SOURCE MATERIAL
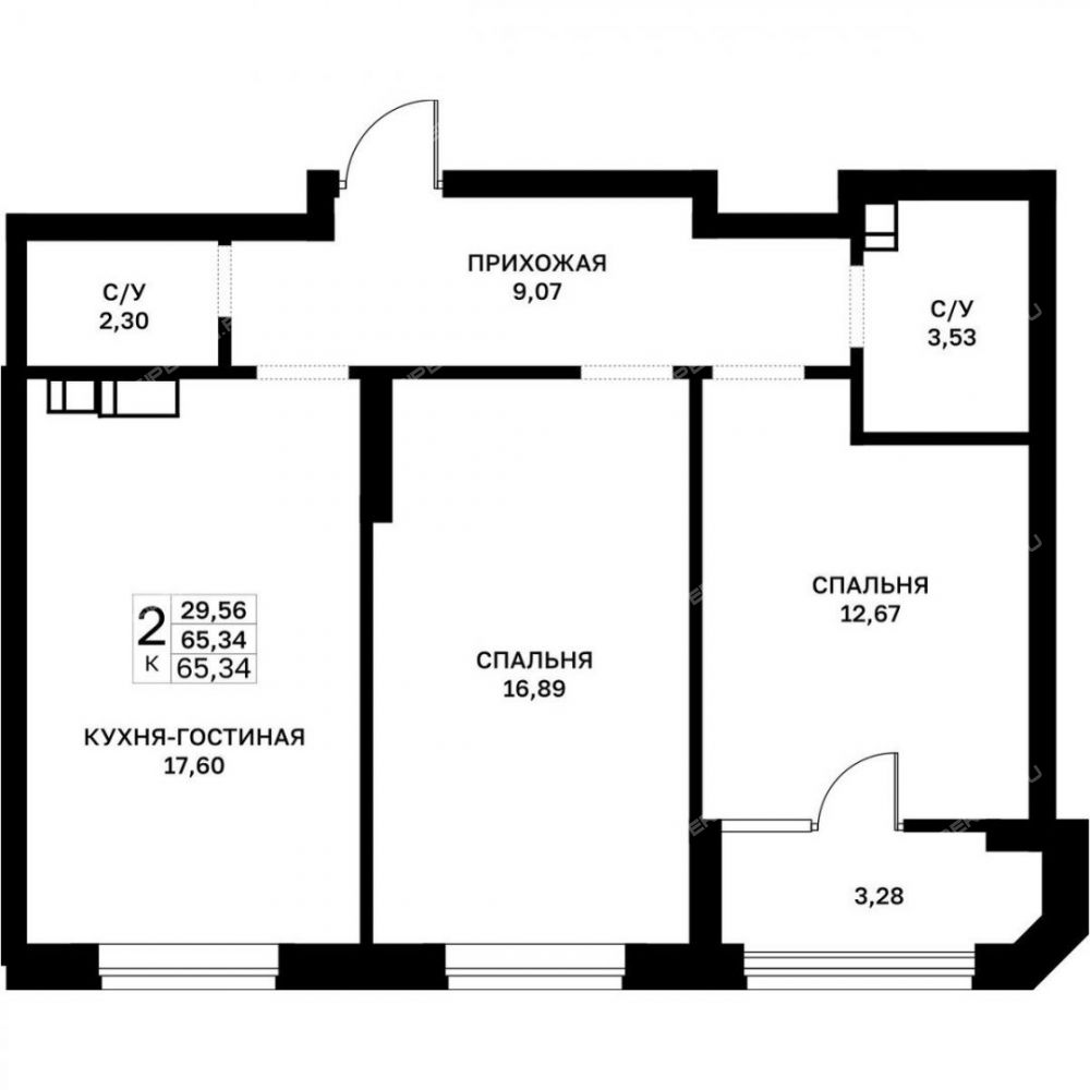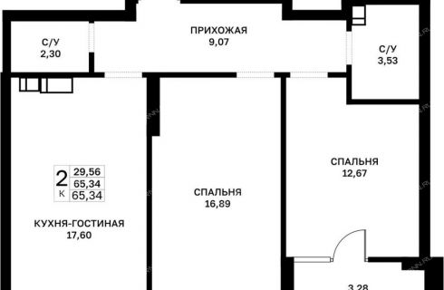Площадь | 65,34 / 29,56 / 1 |
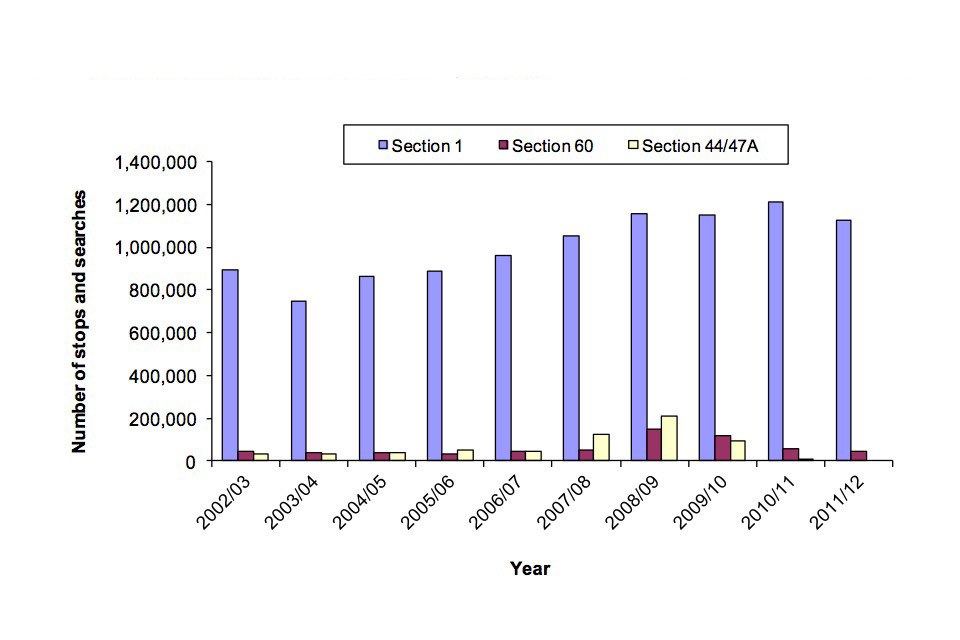 Number of stops and searches from 2002/3 to 2011/12 by legislation, sections 1, 60 and 44/47A.
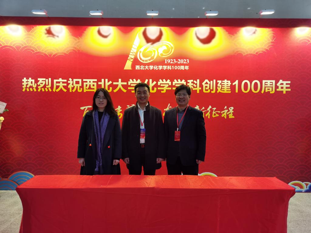 11月19日,西北大学化学学科创建100周年庆典大会在长安校区举行。化学化工学院院长胡登卫应邀参加大会,并代表学院赠送了何尊。西北大学化学与材料学院副院长史素青,西北大学合成与天然功能分子化学教育部重点实验室副主任、国家化学实验教学示范中心主任崔斌教授代表对方接收了捐赠。

WORK REQUIRED
Only exact repeats of the lines from the one containing "Number of stops" through the end of the listing above are wanted here; pictures are not.

YOUR SOLUTION
 Number of stops and searches from 2002/3 to 2011/12 by legislation, sections 1, 60 and 44/47A.
 11月19日,西北大学化学学科创建100周年庆典大会在长安校区举行。化学化工学院院长胡登卫应邀参加大会,并代表学院赠送了何尊。西北大学化学与材料学院副院长史素青,西北大学合成与天然功能分子化学教育部重点实验室副主任、国家化学实验教学示范中心主任崔斌教授代表对方接收了捐赠。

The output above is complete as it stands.